## PROVIDED ENTRIES
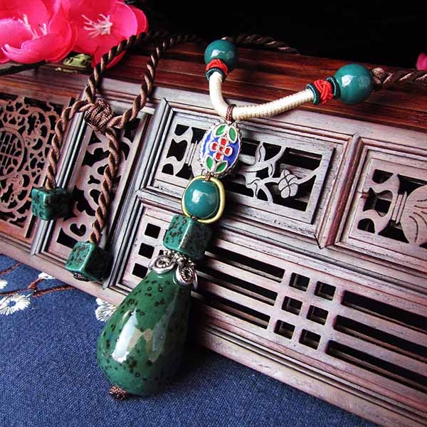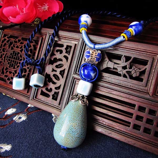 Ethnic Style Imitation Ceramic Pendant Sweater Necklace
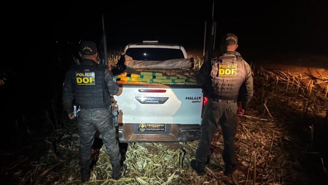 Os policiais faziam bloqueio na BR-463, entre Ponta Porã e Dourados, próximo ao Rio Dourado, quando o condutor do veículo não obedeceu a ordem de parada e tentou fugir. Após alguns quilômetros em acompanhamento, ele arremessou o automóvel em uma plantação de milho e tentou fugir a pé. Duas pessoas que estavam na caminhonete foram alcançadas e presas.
==
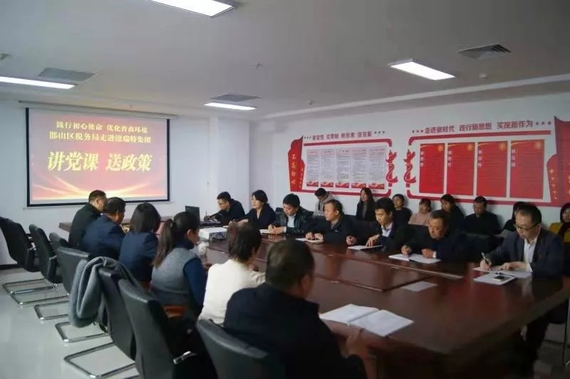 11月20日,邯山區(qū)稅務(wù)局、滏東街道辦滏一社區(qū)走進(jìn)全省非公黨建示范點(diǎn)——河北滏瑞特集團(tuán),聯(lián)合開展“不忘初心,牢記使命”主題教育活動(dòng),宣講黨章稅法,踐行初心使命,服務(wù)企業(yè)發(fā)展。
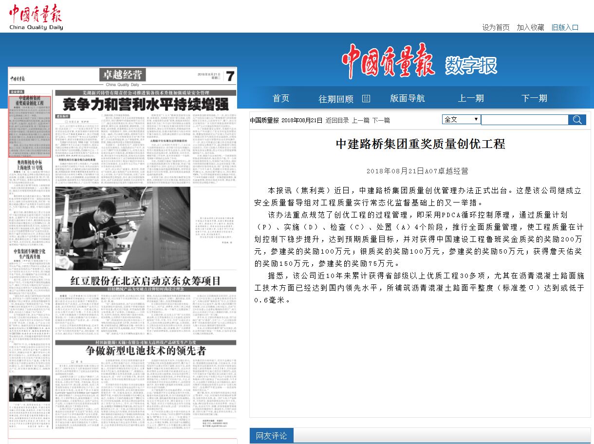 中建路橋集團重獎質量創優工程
==
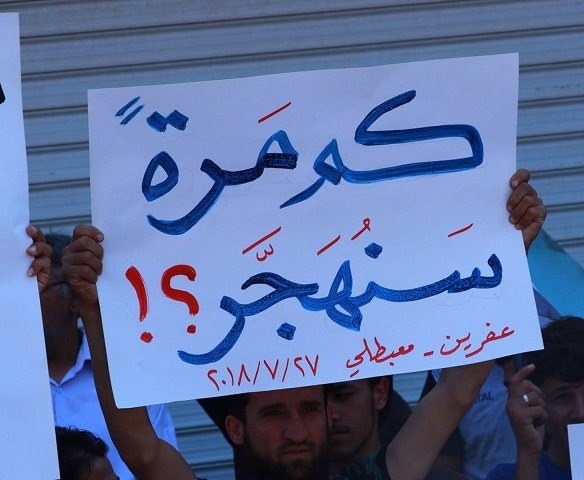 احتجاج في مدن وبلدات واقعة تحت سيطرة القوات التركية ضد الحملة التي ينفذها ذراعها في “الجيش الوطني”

## WHAT THE EXERCISE ASKS
Look above for the line containing "Ethnic Style Imitation" and the line containing "Os policiais faziam", then reproduce both and everything between them exactly, pictures omitted.

## ANSWER SECTION
 Ethnic Style Imitation Ceramic Pendant Sweater Necklace
 Os policiais faziam bloqueio na BR-463, entre Ponta Porã e Dourados, próximo ao Rio Dourado, quando o condutor do veículo não obedeceu a ordem de parada e tentou fugir. Após alguns quilômetros em acompanhamento, ele arremessou o automóvel em uma plantação de milho e tentou fugir a pé. Duas pessoas que estavam na caminhonete foram alcançadas e presas.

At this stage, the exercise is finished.